Za było 376 posłów, przeciw - 2, od głosu wstrzymało się 3 posłów.

Ustawa autorstwa posłów PO wprowadza m.in. zabezpieczenie zaliczek uiszczanych deweloperom przez nabywców mieszkań poprzez wprowadzenie zamkniętego mieszkaniowego rachunku powierniczego lub otwartego mieszkaniowego rachunku powierniczego. Ma temu towarzyszyć umowa ubezpieczeniowa lub gwarancja bankowa. Projekt określa też zasady dotyczące postępowania upadłościowego wobec dewelopera.

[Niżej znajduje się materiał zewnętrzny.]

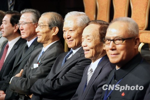 11月13日,为期两天的“两岸一甲子”学术研讨会在台北开幕。由于一百一十多位两岸与会学者中,有多位接近两岸决策核心的重量级智囊学者,而探讨的是两岸在政治、经济、文化、军事、涉外事务等领域的诸多敏感议题,研讨会广受媒体关注。图为中国战略与管理研究会会长、中共中央党校原常务副校长郑必坚(右三),中国孙子兵法研究会名誉会长李际均(右一)等与会专家学者合影。 中新社发 黄少华 摄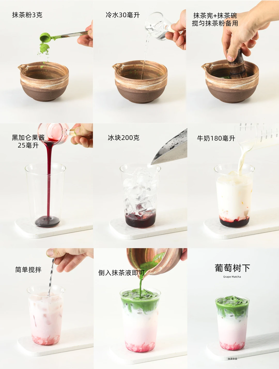 图片有教程 [一R]3克抹茶粉,用30克直饮水化开【一定要用抹茶宪】 [二R]杯底加入黑加仑浓浆25克,冰块200克,牛奶180毫升,进行简单搅拌。 [三R]倒入步骤[一R]的抹茶液即可。 有用到好用的抹茶粉的宝子们可以在下面说一下哦。
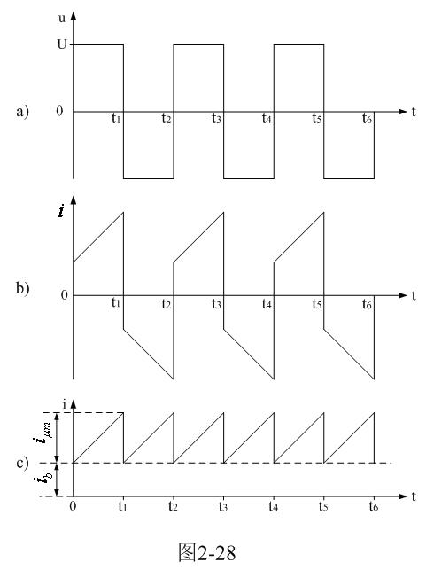 圖2-27中,U是電源電壓,N為變壓器初級線圈,控製開關K1、K2、K3、K4組成橋式開關控製電路,K1和K4為一組,K2和K3為一組,兩組開關輪流接通與斷開,把電源電壓正反向加於變壓器初級線圈兩端;R為取樣電阻,通過測量R兩端的電壓,就可以知道流過變壓器初級線圈的電流;取樣電壓被送到示波器Dp進行顯示。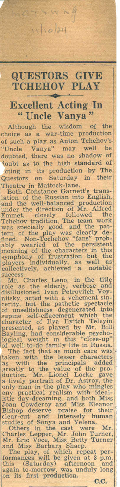 Bill Bayling, Eleanor Bishop, Joan Cowderoy, Charles Leno, Charles Lepper, Lionel Locke, Barbara Sharp, Betty Turner, John Turner, Eric Voce Production Team: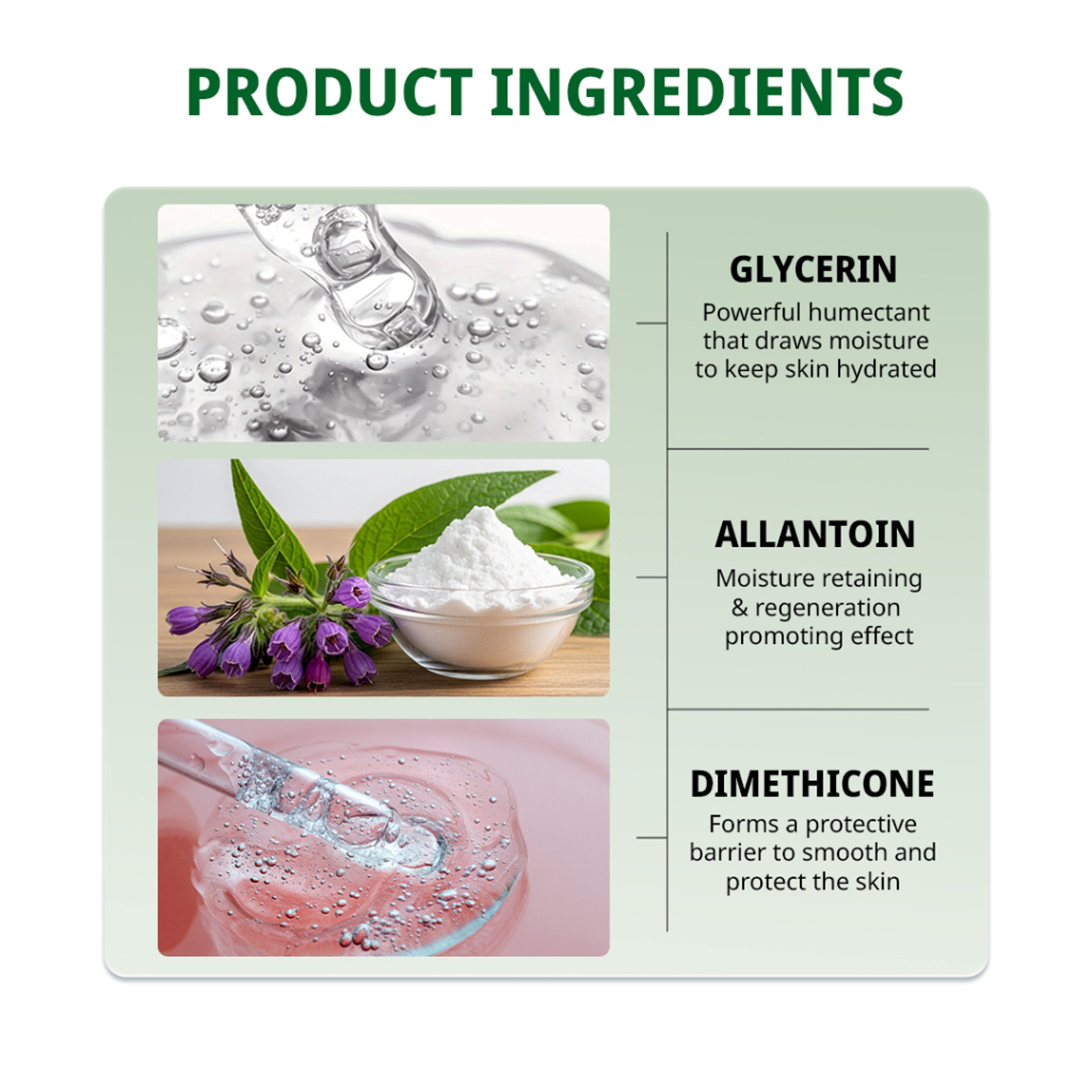 Aqua, Glycerin, Cetearyl Alcohol, Hydrogenated Starch Hydrolysate, Hexyldecanol, Hexyldecyl Laurate, Phenoxyethanol, Sodium Benzoate, Sodium Cetearyl Sulfate, Parfum, Allantoin, Dimethicone, Xanthan Gum, Alcohol, Citric Acid, Chamomilla Recutita Flower Extract, Acetyl Cedrene, Sodium Hydroxide, Sodium Acetate, Tetramethyl Acetyloctahydronaphthalenes, Disodium Phosphate, Sodium Ascorbate, Potassium Phosphate.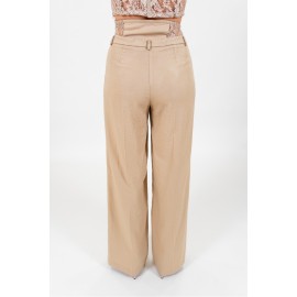 Pantalone donna Haveone tinta unita a palazzo, vita alta con pizzo, chiusura con zip laterale. La modella indossa la tg XS.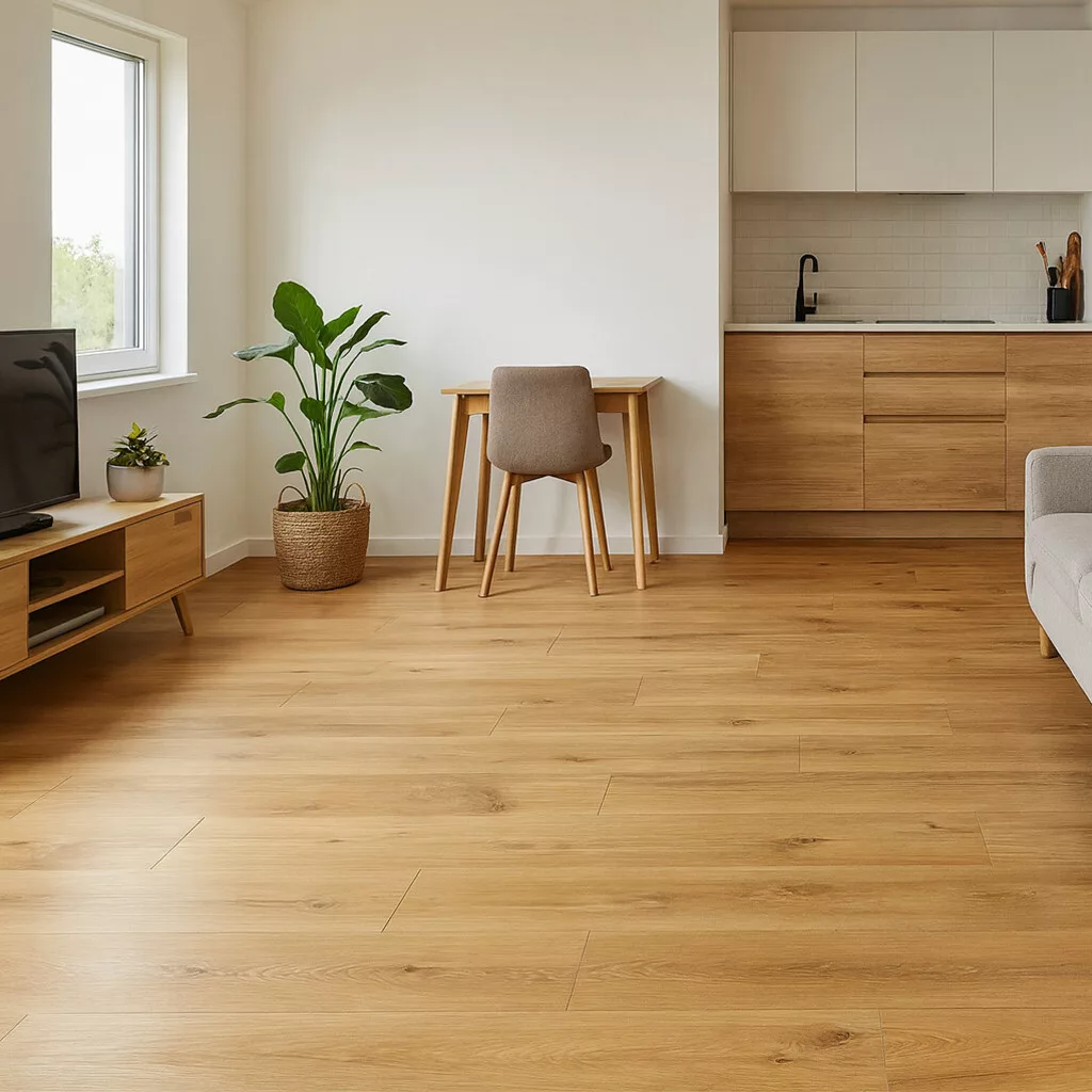 - Természetes fa hatású, meleg tónusú dekor

Projekt zakłada wprowadzenie nadzoru nad pieniędzmi powierzonymi deweloperom przez klientów oraz proponuje uregulowanie treści umowy deweloperskiej, określając prawa i obowiązki stron. Chodzi o to, żeby klienci, którzy kupują mieszkanie jeszcze niewybudowane, nie stracili pieniędzy w przypadku bankructwa dewelopera.

Projekt nakłada na dewelopera obowiązek stosowania dwóch rodzajów zabezpieczeń: rachunek powierniczy musi być dodatkowo wsparty albo gwarancją bankową, albo polisą ubezpieczeniową dla nabywcy. Inne proponowane rozwiązanie - to gwarancja zwrotu zaliczek w przypadku braku przeniesienia własności lokalu oraz wprowadzenie Prospektu Informacyjnego Dewelopera, zapewniającego czytelną informację o inwestycji.

W sytuacji, gdy deweloper ogłosi upadłość, priorytetem ma być ukończenie inwestycji i oddanie mieszkań nabywcom. Obowiązkiem stanie się zawieranie umowy przedwstępnej w formie aktu notarialnego.

Z projektu ustawy zniknął jedynie artykuł 35, który dotyczył ew. roszczeń dewelopera wobec Bankowego Funduszu Gwarancyjnego.

"Okazało się, że artykuł 35 projektu ustawy jest niezgodny z prawem europejskim, w związku z tym został w całości wykreślony z projektu ustawy" - powiedziała PAP poseł sprawozdawca Aldona Młyńczak (PO).